Ataxia Telangiectasia is a complex multisystem disorder characterized by progressive neurologic impairment, altered balance, variable immunodeficiency with susceptibility to upper respiratory tract infections, impaired organ maturation, ocular and cutaneous telangiectasia and predisposition to malignancy.
Neurofibromatosis type 1 (NF1) and type 2 (NF2) are neurocutaneous congenital disorders that affect organs of ectodermal origin including skin, central nervous system, and the eyes. All are inherited in an autosomal dominant pattern and are characterized by a high rate of mutational change occurring for the first time in an individual as well as variable expression.
Spinal Muscular Atrophies (SMAs) are a group of autosomal recessive inherited disorders characterized by progressive weakness of the lower motor neurons, manifesting as muscle weakness, atrophy and paralysis.
Arthrogryposis or arthrogryposis multiplex congenita (AMC) is a group of nonprogressive conditions characterized by multiple joint contractures found throughout the body at birth. It usually appears as a feature of other neuromuscular conditions or part of systemic diseases.

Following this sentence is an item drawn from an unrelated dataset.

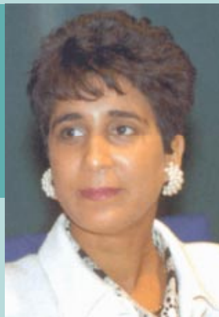
Nawal El Moutawakel (Maroc), championne olympique du 400 m haies aux Jeux de la XXIIIe Olympiade de Los Angeles en 1984.

Rett Syndrome (RTT) is a neurodevelopmental disorder that occurs predominantly in females and has a progressive degenerative course resulting in cognitive and physical disabilities. Presentation is clinically heterogeneous ranging from difficulty to ambulate all the way to atrophy, dystonia, scoliosis and intellectual impairment.
Aicardi-Goutieres Syndrome is a rare genetic neurological disorder with variable clinical manifestations including infantile spasms-in-flexion, total or partial agenesis of the corpus callosum, and variable ocular abnormalities.
Amyotrophic Lateral Sclerosis (ALS) is the most common degenerative disease of the motor neuron system. It is characterized by the progressive loss of motor neurons in the brain and spinal cord, leading to paralysis.
Epileptic Encephalopathy and Early Infantile Epileptic Encephalopathy (EIEE) describes a clinical and genetic heterogeneous group of epilepsy syndromes associated with severe cognitive and behavioral abnormalities. Clinically these disorders vary in their age of onset, developmental outcome, etiologies, neuropsychological deficits, seizure types and prognosis.
Epilepsy is a central nervous system disease characterized by recurrent unprovoked seizures, which are brief episodes of involuntary movement that may involve a part of the body (partial) or the entire body (generalized) and can be accompanied by loss of consciousness and loss of control of bowel or bladder function.